PROPERTY = a dummy variable that receives the value of 1 when the observation is located at the same address with the property to be appraised. If the property includes different housing types (apartment blocks vs. terraced and detached houses), a separate dummy can be set for each type. The same applies to situations where there are buildings of clearly different ages on the property. Several dummies can also be used for them.
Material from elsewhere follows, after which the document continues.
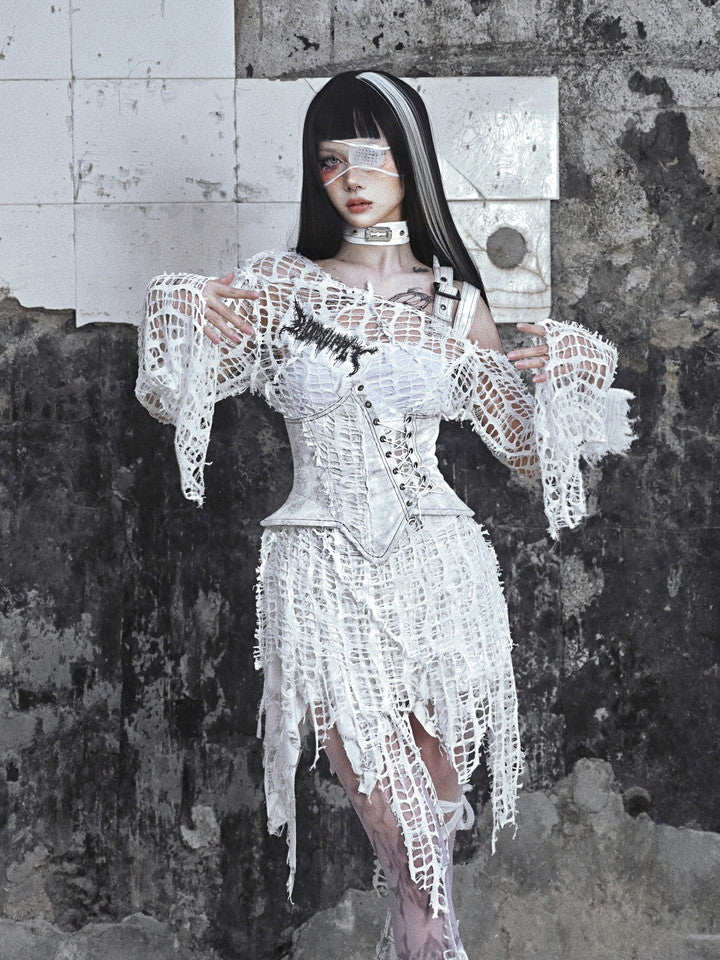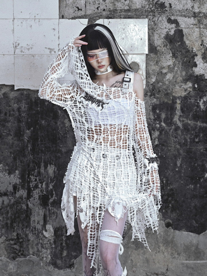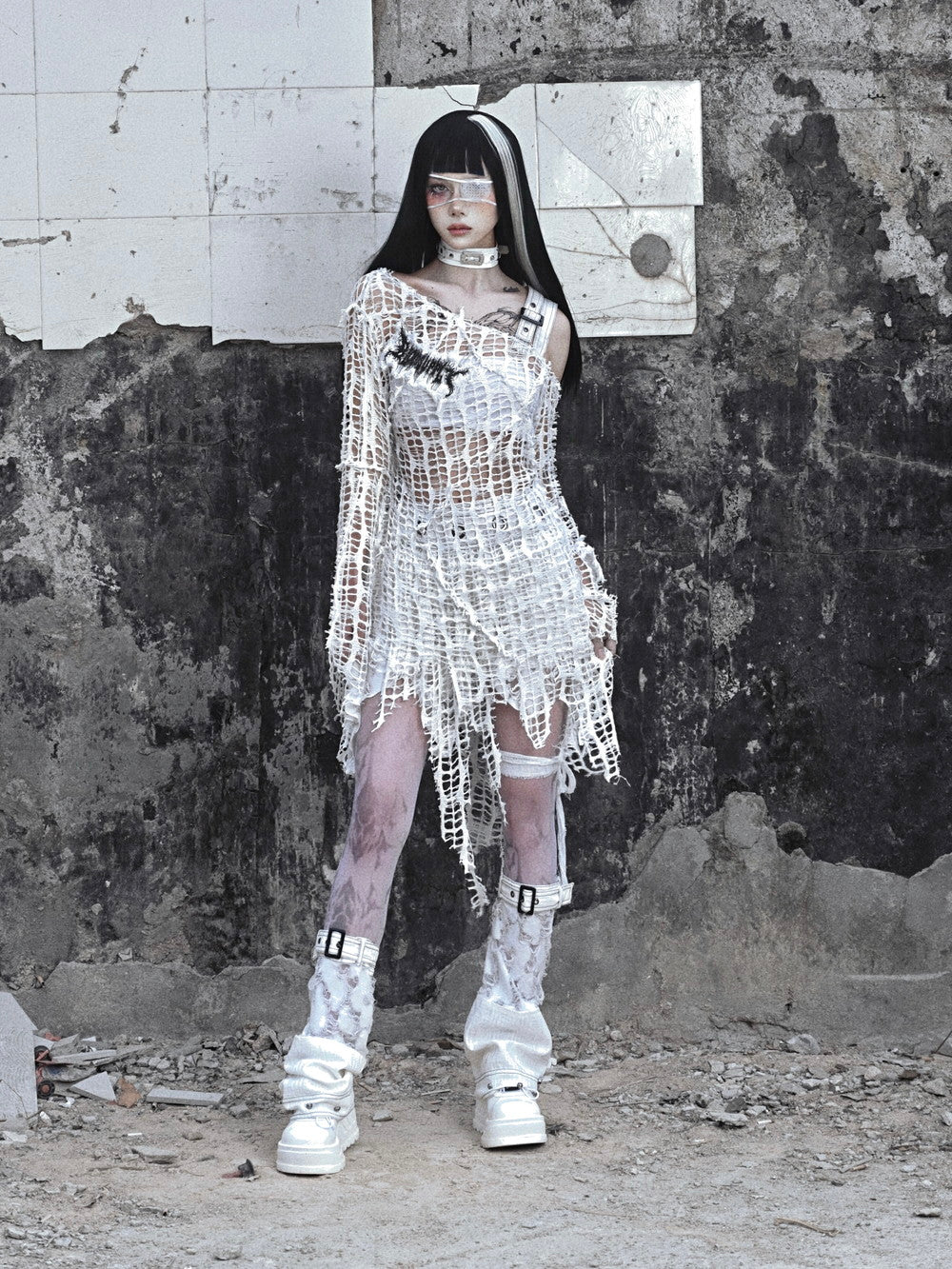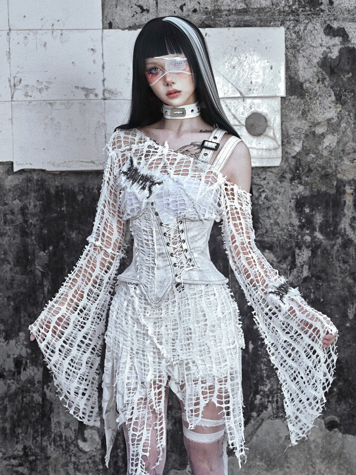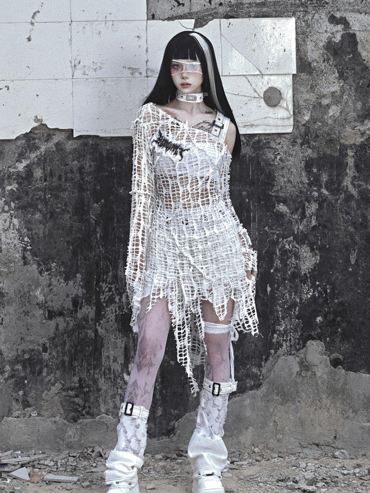Gothic Vintage One-Shoulder Mesh Nichi Flare-Ahne-Strick

Furthermore, there are properties where the housing companies cannot be accurately distinguished from each other on the basis of the street address (for example in Vaasa, Myllykatu 11 A, B and C are different housing companies, but in the material, all have the address Myllykatu 11): In that case, the same dummy can be set for different housing companies

APARTMENT = a dummy variable which receives a value of 1 when the observation concerns the apartment being appraised, or if the observation is a transaction observation regarding an apartment in the same property

BUILDING TYPE: a dummy variable that receives the value 1 when the observation concerns a certain type of building (such as terraced house, semi-detached house, detached house, balcony-access house…). The reference group is “apartment block” When the apartment block model is used, the building type variable is of no significance, because properties other than apartment blocks have been eliminated from the observation material. The prices of single-family houses do not follow precisely the same factors as the prices of housing company apartments. The house observations irrelevant for the properties to be estimated [detached houses, semi-detached houses, …] are eliminated from the material. The properties to be eliminated are detached houses built before 1990 and detached houses with a plot bigger than 1,500 square meters.